This is not true without additional hypotesis. If it were true,
it would imply Caratheodory's claim about the existence of a single valued inverse, which is false in general:
Let $f(z)=z^2(z-1)$ on $\mathbb{C}$. This map is surjective, and it has only two singular points: $0$ and $\frac23$. However, if we remove this values from the domain, we get a surjective map from $\mathbb{C}-\{0,\frac23\}$ to $\mathbb{C}$ which is non injective. Using the
fact that $\mathbb{C}-\{0,\frac23\}$ has $\mathbb{D}$ as its universal cover, we get a map
$\varphi:\mathbb{D}\twoheadrightarrow \mathbb{C}$ such that $\varphi'\neq 0$, $\varphi$ is surjective and not injective: thus $\varphi$ does not admit a single valued inverse on $G_w^*=Gw=\mathbb{C}$ as such a function should be entire and bounded and thus by Liouville's theorem, constant.
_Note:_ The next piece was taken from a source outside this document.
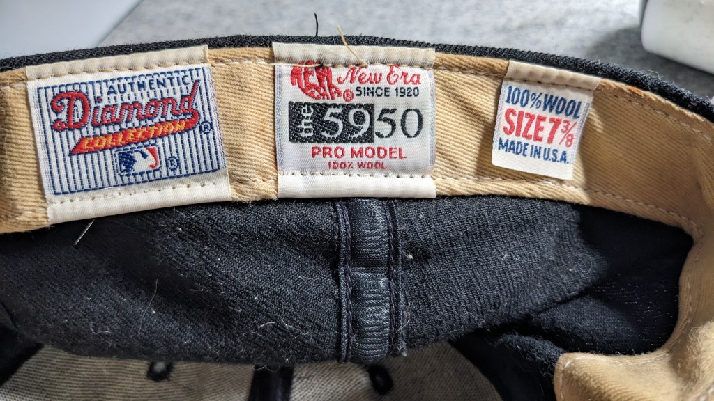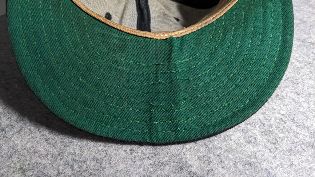 The hat is a little weather-beaten, which isn’t surprising given that it’s probably 30 years old and has spent about half that time stuffed in a box in a damp basement. The visor is cracked and there are a lot of loose threads sticking out of it, but all things considered, it cleaned up pretty well. It will have a place in my hat rotation for the duration of baseball season.

One can also construct $\varphi:\mathbb{C}\twoheadrightarrow \mathbb{C}$ such that $\varphi'\neq 0$, $\varphi$ is surjective and non linear (and thus non injective, as the only injective entire functions are linear): see this mathoverflow post for such an example (the error function is an explicit example).
$\varphi$ does not admit a single valued inverse on $G_w^*=G'w=\mathbb{C}$, as such a function should be entire and it should avoid more than one point (since for almost every $w, \varphi^{-1}(w)$ is infinite)
and thus by Picard's little theorem it should be constant.
If, however, we let $f$ satisfy a few more assumptions, the result follows. For example, if $f:G_z\to G_w^*$ is proper, it is a well known result that $f$ is actually a covering map. As $G_w^*$ is simply connected, it's its own universal cover, and thus the holomorphic lifting lemma implies the existence of an inverse and thus in particular the possibility of analytic continuation along polygonal paths.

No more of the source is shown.